Loose notes on dream maintenance. This was a "weblog" before the word wore out: dates, paragraphs, and the feeling of reading the notebook of someone who didn't know you'd come.

12.06.2026 — five dead malls later

Today was a photographic expedition, archivist edition: three hours on Wikimedia Commons searching "empty mall interior". The quarry is incredible — amateur photos uploaded by ordinary people, free-licensed and with zero pretension, which is exactly the texture the genre needs.

Five made it into the gallery: the Lorain high-school hallway (Ohio, a 2006 digital camera, a gem), the night platform at Vuosaari (Helsinki), two dying American malls — including the legendary Randall Park Mall, which was the biggest in the world and died slowly — and at last, AT LAST, the night mall that was missing: a Finnish one with half-lowered shutters and a white christmas tree planted in the middle of the walkway, alone, in a photo clearly taken outside December. I saw it and knew the search was over.

Empty atrium of the Randall Park Mall, fountain switched off
randall park mall, ohio. it was the biggest mall in the world. the fountain is still there.

Curiosity of the day: American "dead malls" have a wiki, documentarians and pilgrims. There are people who travel to photograph dying malls the way others visit cathedrals. I understand them perfectly.

12.06.2026 — rebuilding a dream

The archive has been rebuilt entirely from scratch. Again. The previous version got to twenty-seven rooms and one day it simply had to be torn down and dreamed again — anyone who's redone a website knows it's sometimes faster than remodelling it, and anyone who's had a recurring dream knows the places come back on their own if they mattered.

They came back: the twenty main rooms first, and today the seven that were missing — the music room, The Channel, resources, the icons, the board, the dream diary and this blog. The photos survived the demolition, which was the only thing that mattered: walls can be rebuilt, the collection can't.

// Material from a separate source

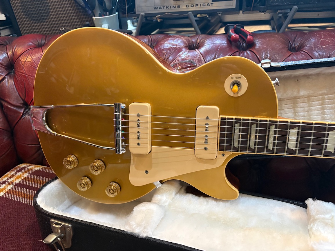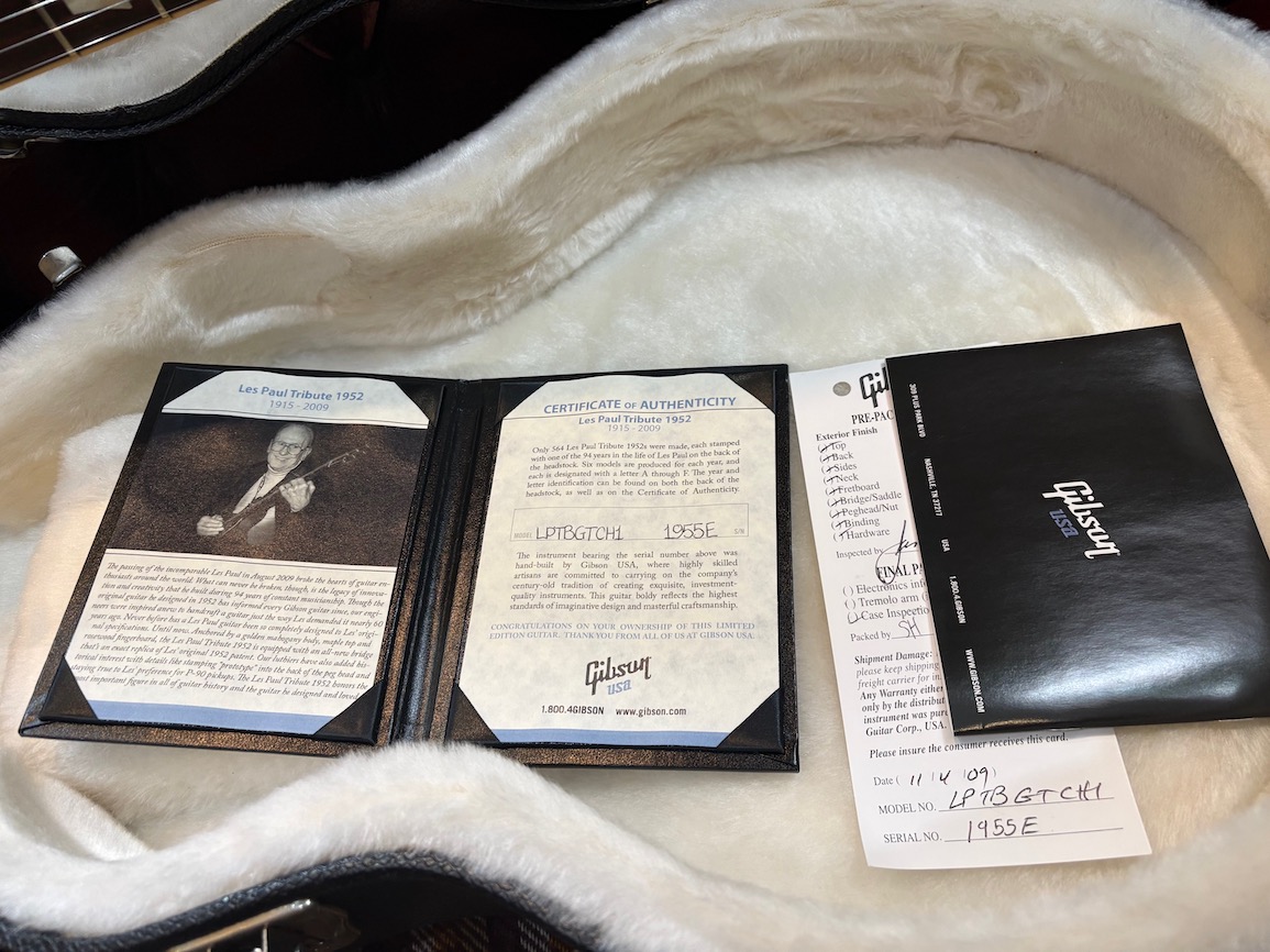This is stunning, Gibson 2009 Les Paul Tribute Gold Top Prototype. Of 564 made to commemorate the life of Les Paul. Individually hand numbered, this being 1955E. 6 were made per year for the years that Les Paul was alive from 1915 to 2009 and the 6 were denoted by A, B, C, D, E & F are year serial. so 1955 was the year and

11.06.2026 — why archive (a nighttime defence)

Last night at dinner I had to explain, again, why I spend hours on a website about "photos of empty hallways". The short answer I left in about the archive. The long one is this: the internet forgets faster than any medium that has ever existed, and what it forgets first is precisely the small stuff — personal websites, authorless photos, aesthetics that don't make money. Archiving the small stuff is an act of stubbornness against that. Besides, empty hallways are objectively beautiful and I refuse to keep debating it during dinner hours.